▶ _Your assignment_
Could you please reproduce the entries exactly, leaving out any pictures?

* * * *

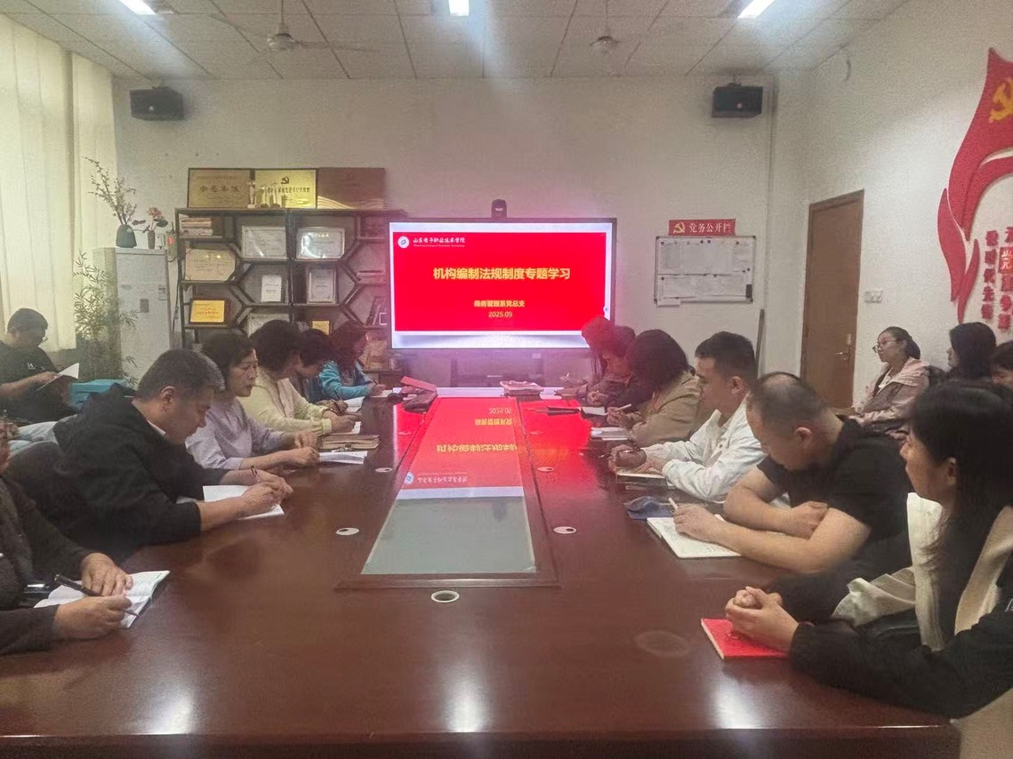 為深入貫徹落實黨中央關(guān)于機構(gòu)編制工作的決策部署,強化黨員教師的制度意識與規(guī)矩意識,9月25日,山東電子職業(yè)技術(shù)學(xué)院商務(wù)管理系黨總支組織開展了機構(gòu)編制法規(guī)制度專題學(xué)習(xí)會。本次學(xué)習(xí)由黨總支書記李敏主持并領(lǐng)學(xué),全體黨員教師參加。
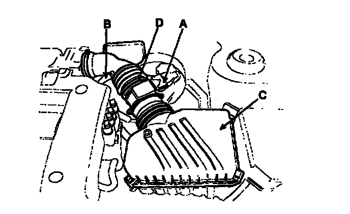 2) Disconnect the breather hose (B) from intake air hose (D).
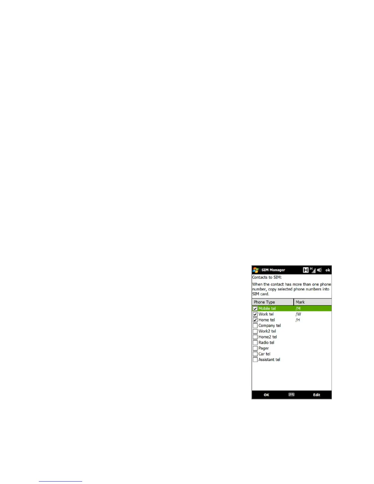 1. On the SIM Manager screen, select the desired contact, or select all SIM
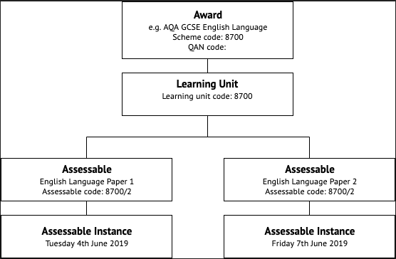 Exams will have their own exam codes as well, but for candidate entry purposes, you should focus on having the correct AWARD and LEARNING UNIT codes. These are the codes that awarding organisations require in terms of submitting candidate entries and returning results.
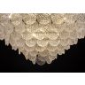 Материал арматуры – металл, цвет – золото. Фактурный декор из прозрачного стекла. Округлые подвески с рельефным узором скрывают источники света – лампы с цоколем Е14.
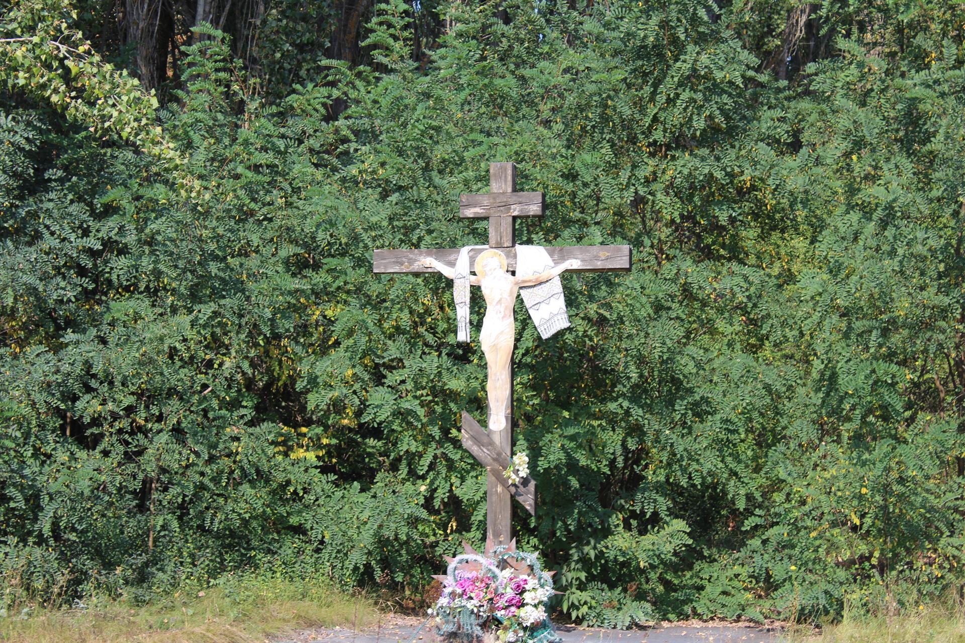 Krzyż przydrożny w Prypeci w pobliżu południowego wjazdu do miasta.

* * * *

▶ _Final answer_
 為深入貫徹落實黨中央關(guān)于機構(gòu)編制工作的決策部署,強化黨員教師的制度意識與規(guī)矩意識,9月25日,山東電子職業(yè)技術(shù)學(xué)院商務(wù)管理系黨總支組織開展了機構(gòu)編制法規(guī)制度專題學(xué)習(xí)會。本次學(xué)習(xí)由黨總支書記李敏主持并領(lǐng)學(xué),全體黨員教師參加。
 2) Disconnect the breather hose (B) from intake air hose (D).
 1. On the SIM Manager screen, select the desired contact, or select all SIM
 Exams will have their own exam codes as well, but for candidate entry purposes, you should focus on having the correct AWARD and LEARNING UNIT codes. These are the codes that awarding organisations require in terms of submitting candidate entries and returning results.
 Материал арматуры – металл, цвет – золото. Фактурный декор из прозрачного стекла. Округлые подвески с рельефным узором скрывают источники света – лампы с цоколем Е14.
 Krzyż przydrożny w Prypeci w pobliżu południowego wjazdu do miasta.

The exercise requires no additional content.